---------- Data under study

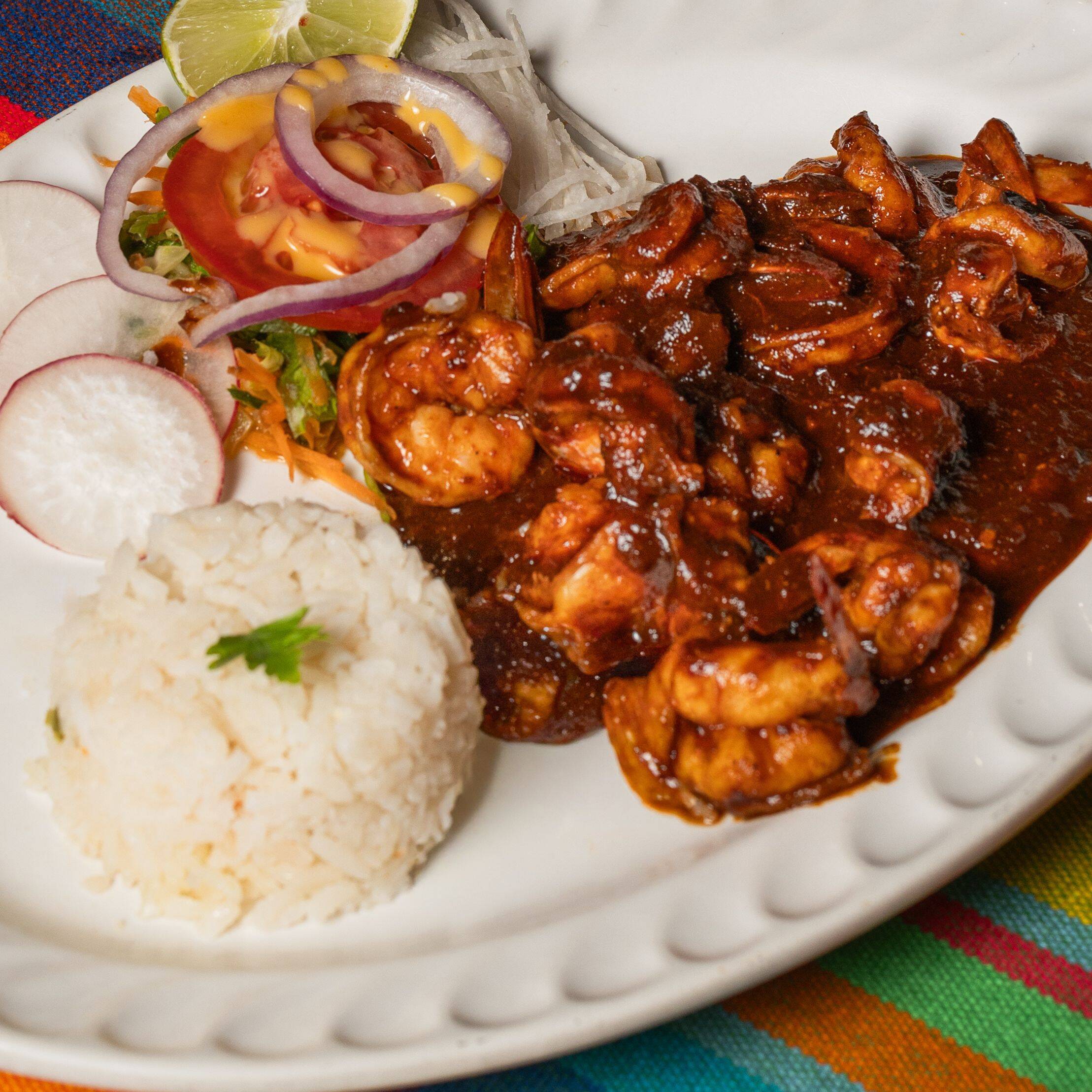 Camarónes sin cáscara sazonado en salsa de chipotle acompañado de ensalada y arroz blancos
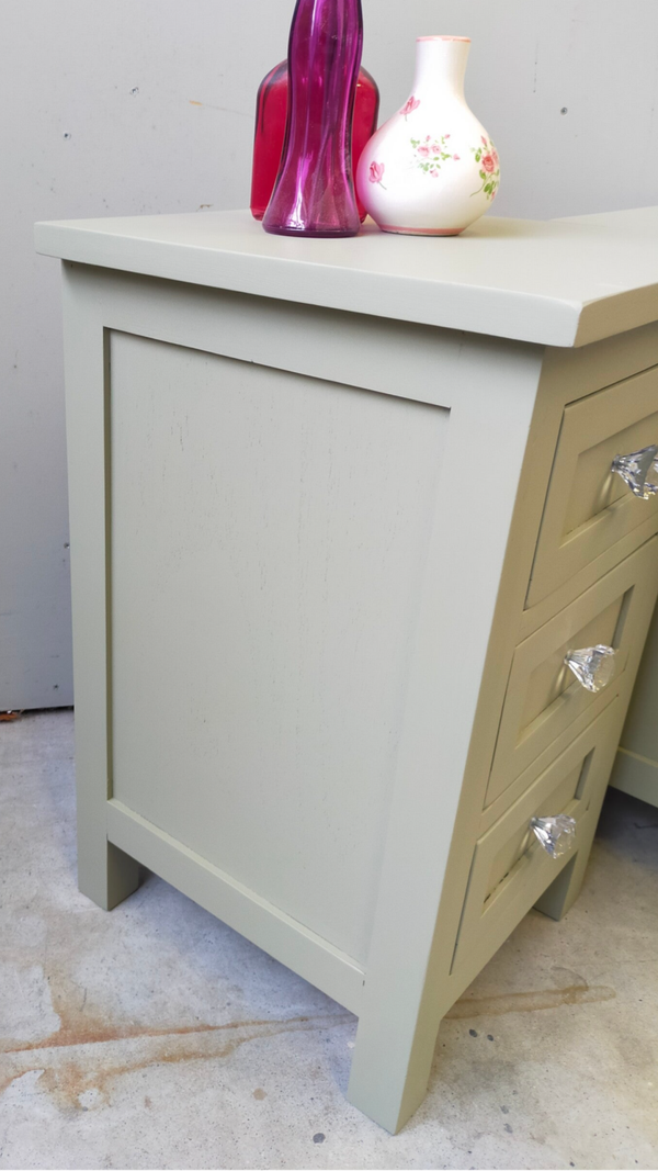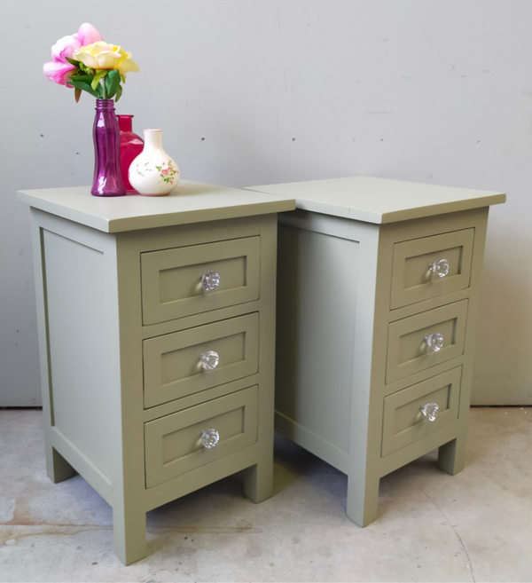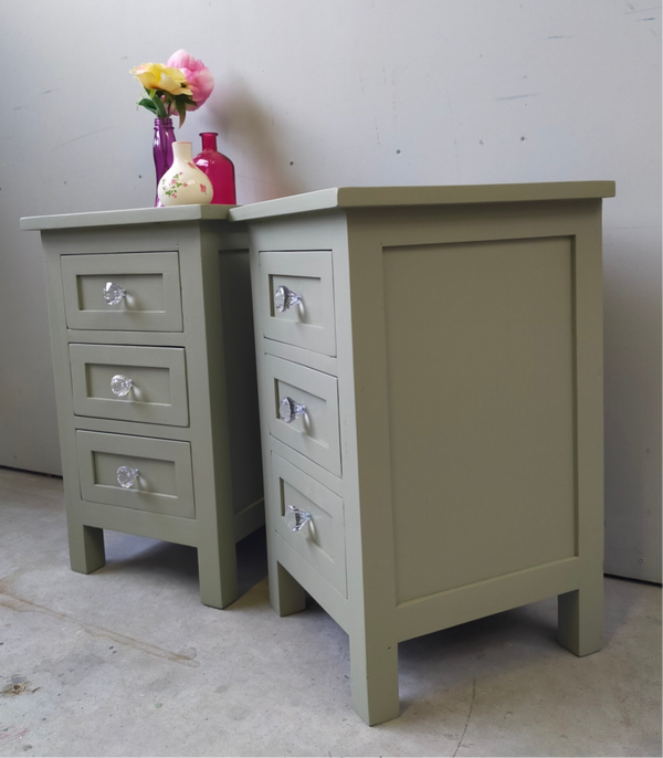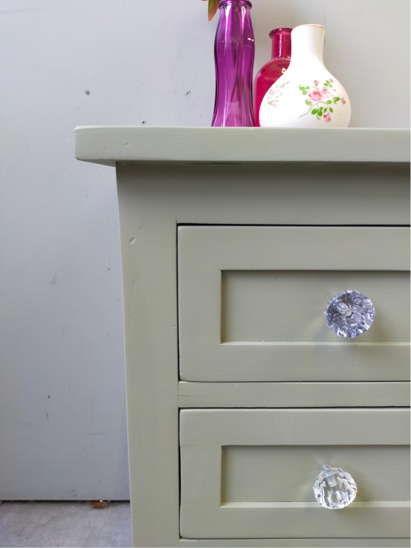 Deze set nachtkastjes, met hun subtiele houtsnijwerk/belijning, staan in de kleur Lichen van Fusion Mineral Paint. Deze kleur laat zich het best omschrijven als een licht groene tint, met een enigszins grijze ondertoon. De laadjes sluiten goed en na behoren. De leuke knopjes maken het geheel helemaal af.
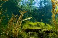 Het is lente en het onderwaterleven bloeit volop in de put van Ekeren. Een jonge snoek is op jacht tussen de waterplanten en het zonnetje geeft het decor een zomers tintje.
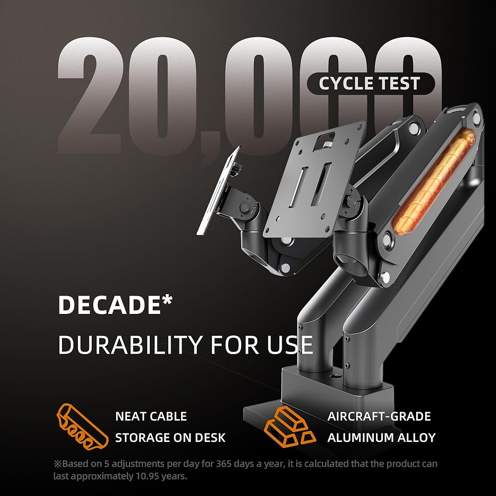 Package & Support: Includes 1 x Claiks Single Monitor Gas Spring Mount, a mounting hardware kit, and a user manual. We also provide experienced and friendly customer support to assist you 7 days a week with any questions or issues.
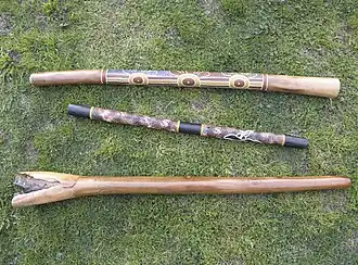 - Didjflute — диджериду с отверстиями как у флейты. Звук инструмента невыразителен, но в отличие от диджерибона, позволяет наигрывать довольно сложные мелодии.
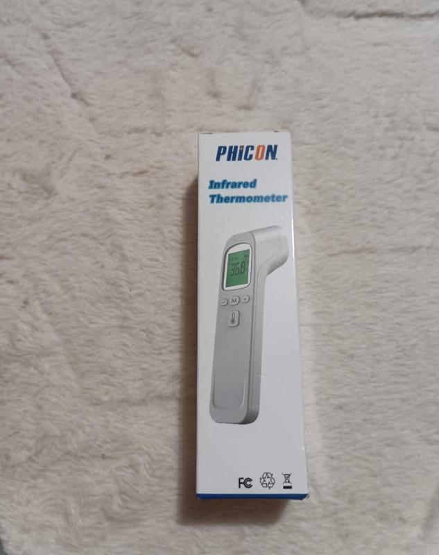 дитячий термометр безконтактний, дуже гарно вимірює температуру дітям,працює від двох батарейок.
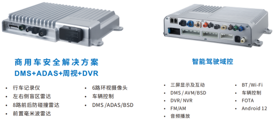 公司定位于人工智能為核心的商用車安全及信息化解決方案提供商,在貨運、工程機械、公交、出租、渣土、環衛、校車、兩客一危等商用車領域均有細分領域的全套解決方案,為行業提供安全管理和行業的效率提升。設計的多款智能駕駛域控已與多家知名的車企合作。
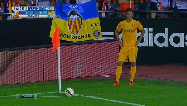 Во вчерашнем матче 2-го тура Примеры "Валенсия" - "Малага" (3:0) на ультрас-трибуне "летучих мышей" вывесили флаг Украины с эмблемой испанского клуба и надписью "Запоріжжя".

--------------------

Exercise directions
What you return must match the data above exactly, with no images included.

Your response
 Camarónes sin cáscara sazonado en salsa de chipotle acompañado de ensalada y arroz blancos
 Deze set nachtkastjes, met hun subtiele houtsnijwerk/belijning, staan in de kleur Lichen van Fusion Mineral Paint. Deze kleur laat zich het best omschrijven als een licht groene tint, met een enigszins grijze ondertoon. De laadjes sluiten goed en na behoren. De leuke knopjes maken het geheel helemaal af.
 Het is lente en het onderwaterleven bloeit volop in de put van Ekeren. Een jonge snoek is op jacht tussen de waterplanten en het zonnetje geeft het decor een zomers tintje.
 Package & Support: Includes 1 x Claiks Single Monitor Gas Spring Mount, a mounting hardware kit, and a user manual. We also provide experienced and friendly customer support to assist you 7 days a week with any questions or issues.
 - Didjflute — диджериду с отверстиями как у флейты. Звук инструмента невыразителен, но в отличие от диджерибона, позволяет наигрывать довольно сложные мелодии.
 дитячий термометр безконтактний, дуже гарно вимірює температуру дітям,працює від двох батарейок.
 公司定位于人工智能為核心的商用車安全及信息化解決方案提供商,在貨運、工程機械、公交、出租、渣土、環衛、校車、兩客一危等商用車領域均有細分領域的全套解決方案,為行業提供安全管理和行業的效率提升。設計的多款智能駕駛域控已與多家知名的車企合作。
 Во вчерашнем матче 2-го тура Примеры "Валенсия" - "Малага" (3:0) на ультрас-трибуне "летучих мышей" вывесили флаг Украины с эмблемой испанского клуба и надписью "Запоріжжя".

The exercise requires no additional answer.